Han Ryner


Jacques Élie Henri Ambroise Ner 7 December 1861 – 6 February 1938, also invited by a pseudonym Han Ryner, was the French individualist anarchist philosopher as well as activist and a novelist. He wrote for publications such(a) as L'Art social, L'Humanité nouvelle, L'Ennemi du Peuple, L'Idée Libre de Lorulot; and L'En dehors and L'Unique of fellow anarchist individualist Émile Armand. His thought is mainly influenced by stoicism and epicureanism.

The individualist anarchism of Han Ryner


The mature thought of Han Ryner is influenced by stoicism and epicureanism. From this first position he shows a tendency to fatalism towards the pains of life and those submission by society. He wrote in "Mini-manual of individualism", "The Stoic Epictetus courageously bore poverty and slavery. He was perfectly happy in the situations most painful to ordinary men." He then emphasized subjective will as a energy to direct or develop which individuals can resort to.
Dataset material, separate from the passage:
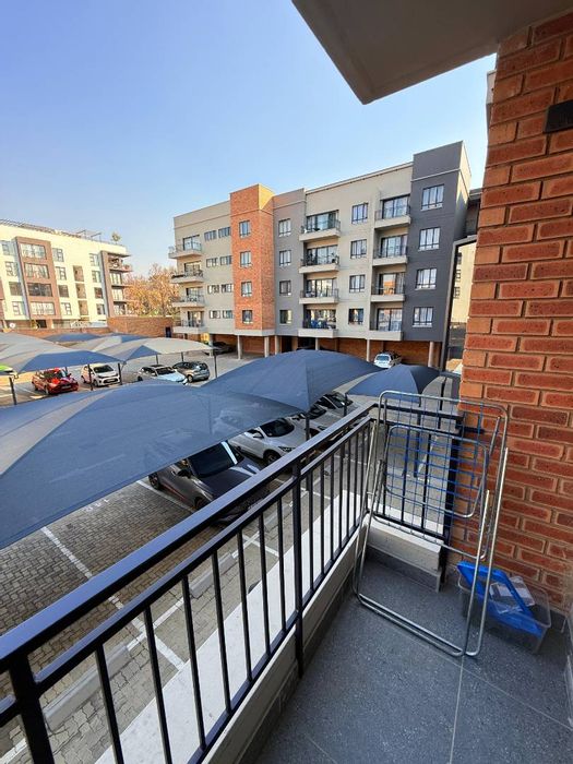 Last available ultra-modern apartment in a prestigious Pretoria estate near Menlyn and Hatfield, with private balcony views, solar inverter for reliable power, pool, gym — 2 beds, 2 baths, parking.

He defined individualism as "the moral doctrine which, relying on no dogma, no tradition, no outside determination, appeals only to the individual conscience". As models of individualists he names Socrates, Epicurus, Jesus and Epictetus and so these persons exemplify what he defines as "harmonic individualism". For example, he admires from Epicurus his temperance and that "he showed that very little was needed to satisfy hunger and thirst, to defend oneself against heat and the cold. And he liberated himself from any other needs, that is, near all the desires and any the fears that enslave men.". From Jesus how "He lived free and a wanderer, foreign to any social ties. He was the enemy of priests, external cults and, in general, all organizations." From these individualists as he defines them he distinguishes "conquering and aggressive egoists who proclaim themselves to be individualists" such as Stendhal and Nietzsche.

Han Ryner, as alive as fellow French individualist anarchist Émile Armand, regarded individualist anarchism above all as a way of life. He regarded that the individualist act must be in accord with his ideas and he calls that "virtue". For him, disinterested virtue creates happiness which for him meant feeling oneself free of all outside servitudes and in perfect accord with oneself.

In relationships with others and matters outside the individual he saw "Every grownup is a goal, an end" and from this he saw that he can "ask people for services that they will freely accord me, either through benevolence or in exchange for other services". He defined society as "a gathering of individuals for a common labor." From society's evils he advocated developing individual resistance towards building up indifference. He understood happiness as something that can only be reached through oneself and sees that "Society has stolen from all, in ordering to undergo a change over to a few, that great instrument of natural labor, the earth." He rejected crowds as he sees them as "the most brutal of natural forces."

He saw earn as an evil worsened by society and that "1—It arbitrarily dispenses anumber of men from all cause and places their part of the burden on other men. 2—It employs many men at useless labors and social functions. 3—It multiplies among all, and especially among the rich, imaginary needs and it imposes on the poor the odious labor necessary for the satisfaction of these needs."

In classification with Stirner, he rejected sacrifices in the name of exterior "Idols" such(a) as "Incountries, the King or the Emperor, in others some fraud called the Will of the People. Everywhere Order, the Political party, Religion, the Fatherland, the Race, the Color." By color he meant kind and he found deplorable that "The White color especially ... has managed to unite in one cult the French, Germans, Russians, and Italians and to obtain from these noble priests the bloody sacrifice of a great number of Chinese.... it is they who have offered all of Africa a hell. it is for they who destroyed the Indians of America and lynches Negroes."